**RECORDS SUPPLIED**.
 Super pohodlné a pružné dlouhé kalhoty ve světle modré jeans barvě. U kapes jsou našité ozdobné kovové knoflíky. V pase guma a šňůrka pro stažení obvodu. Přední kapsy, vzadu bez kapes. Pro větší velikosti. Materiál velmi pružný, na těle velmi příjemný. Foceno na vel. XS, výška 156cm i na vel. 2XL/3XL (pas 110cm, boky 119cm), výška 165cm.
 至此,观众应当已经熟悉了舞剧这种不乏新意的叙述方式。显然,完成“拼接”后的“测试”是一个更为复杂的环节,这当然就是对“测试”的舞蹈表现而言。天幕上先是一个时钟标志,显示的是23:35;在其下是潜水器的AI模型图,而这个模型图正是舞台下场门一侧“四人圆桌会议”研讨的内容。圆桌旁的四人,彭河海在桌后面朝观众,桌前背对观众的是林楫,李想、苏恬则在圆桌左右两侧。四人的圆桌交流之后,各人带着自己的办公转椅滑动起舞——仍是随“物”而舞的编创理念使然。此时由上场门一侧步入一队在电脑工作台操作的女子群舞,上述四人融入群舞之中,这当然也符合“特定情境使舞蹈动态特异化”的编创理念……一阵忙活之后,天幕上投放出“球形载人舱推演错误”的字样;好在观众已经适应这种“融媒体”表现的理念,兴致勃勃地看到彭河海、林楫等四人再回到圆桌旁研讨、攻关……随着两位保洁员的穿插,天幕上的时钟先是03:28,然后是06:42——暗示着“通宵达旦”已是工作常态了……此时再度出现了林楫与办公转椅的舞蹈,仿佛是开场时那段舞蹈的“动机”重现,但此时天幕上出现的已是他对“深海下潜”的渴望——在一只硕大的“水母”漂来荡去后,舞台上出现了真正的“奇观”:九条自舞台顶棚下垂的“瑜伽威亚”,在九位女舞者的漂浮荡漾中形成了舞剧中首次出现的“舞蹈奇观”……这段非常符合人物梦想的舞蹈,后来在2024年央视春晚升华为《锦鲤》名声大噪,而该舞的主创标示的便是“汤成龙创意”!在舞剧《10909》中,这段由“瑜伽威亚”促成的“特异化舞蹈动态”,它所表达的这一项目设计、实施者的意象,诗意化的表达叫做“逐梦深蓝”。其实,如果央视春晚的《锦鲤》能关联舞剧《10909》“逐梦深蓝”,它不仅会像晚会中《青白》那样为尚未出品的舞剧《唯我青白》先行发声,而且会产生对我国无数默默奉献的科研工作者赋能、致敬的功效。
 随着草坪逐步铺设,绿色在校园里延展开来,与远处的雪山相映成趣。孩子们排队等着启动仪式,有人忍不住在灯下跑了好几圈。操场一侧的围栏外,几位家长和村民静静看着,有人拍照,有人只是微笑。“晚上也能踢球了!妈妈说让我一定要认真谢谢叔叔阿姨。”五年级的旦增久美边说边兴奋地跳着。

...

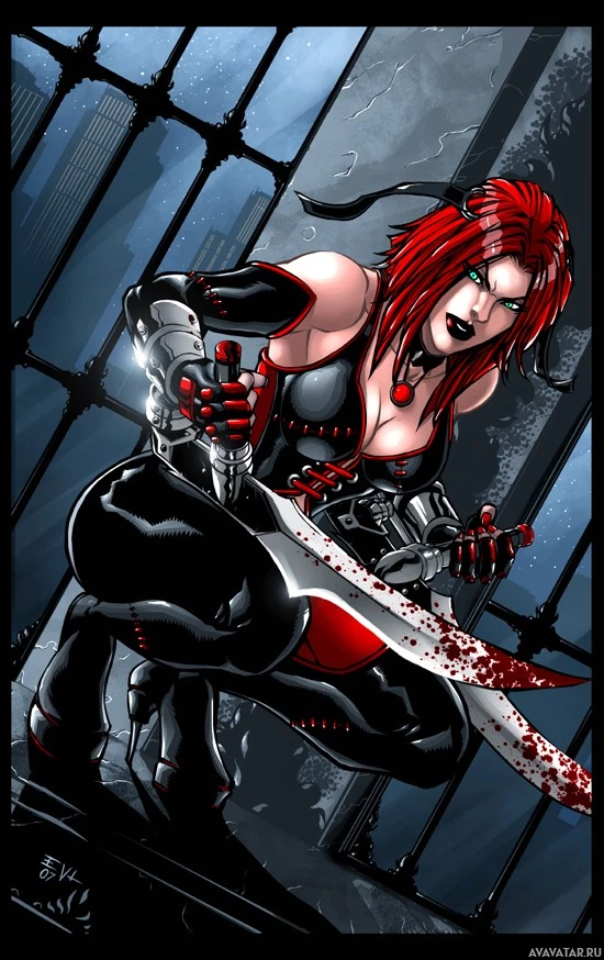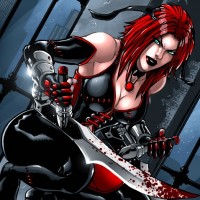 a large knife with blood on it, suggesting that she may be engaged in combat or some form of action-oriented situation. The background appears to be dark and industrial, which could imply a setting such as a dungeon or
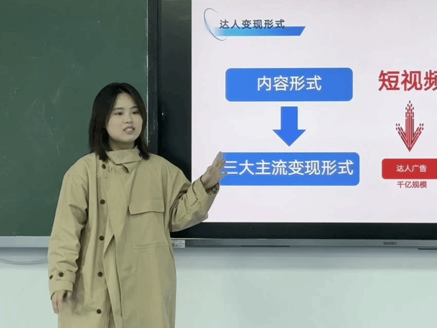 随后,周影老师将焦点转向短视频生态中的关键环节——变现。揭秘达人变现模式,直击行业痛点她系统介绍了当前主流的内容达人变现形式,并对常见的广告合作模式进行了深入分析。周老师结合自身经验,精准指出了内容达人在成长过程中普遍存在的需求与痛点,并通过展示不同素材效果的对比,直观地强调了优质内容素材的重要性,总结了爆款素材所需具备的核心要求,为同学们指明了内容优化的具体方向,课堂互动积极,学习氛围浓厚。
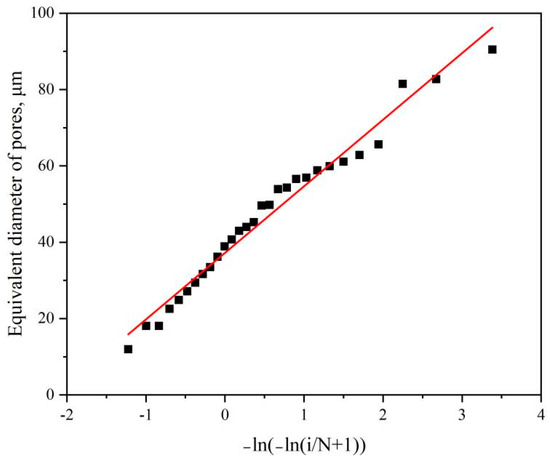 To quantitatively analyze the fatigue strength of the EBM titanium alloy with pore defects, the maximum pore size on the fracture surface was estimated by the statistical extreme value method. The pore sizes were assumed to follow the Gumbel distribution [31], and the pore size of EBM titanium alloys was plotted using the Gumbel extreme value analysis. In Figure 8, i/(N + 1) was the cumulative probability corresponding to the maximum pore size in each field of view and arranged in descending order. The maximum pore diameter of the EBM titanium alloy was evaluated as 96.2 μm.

**THE TASK**. Copy everything above from the line holding "随后,周影老师将焦点转向短视" down to the line holding "To quantitatively analyze", both ends included, exactly as it stands and without the pictures.

**FINAL ANSWER**.
 随后,周影老师将焦点转向短视频生态中的关键环节——变现。揭秘达人变现模式,直击行业痛点她系统介绍了当前主流的内容达人变现形式,并对常见的广告合作模式进行了深入分析。周老师结合自身经验,精准指出了内容达人在成长过程中普遍存在的需求与痛点,并通过展示不同素材效果的对比,直观地强调了优质内容素材的重要性,总结了爆款素材所需具备的核心要求,为同学们指明了内容优化的具体方向,课堂互动积极,学习氛围浓厚。
 To quantitatively analyze the fatigue strength of the EBM titanium alloy with pore defects, the maximum pore size on the fracture surface was estimated by the statistical extreme value method. The pore sizes were assumed to follow the Gumbel distribution [31], and the pore size of EBM titanium alloys was plotted using the Gumbel extreme value analysis. In Figure 8, i/(N + 1) was the cumulative probability corresponding to the maximum pore size in each field of view and arranged in descending order. The maximum pore diameter of the EBM titanium alloy was evaluated as 96.2 μm.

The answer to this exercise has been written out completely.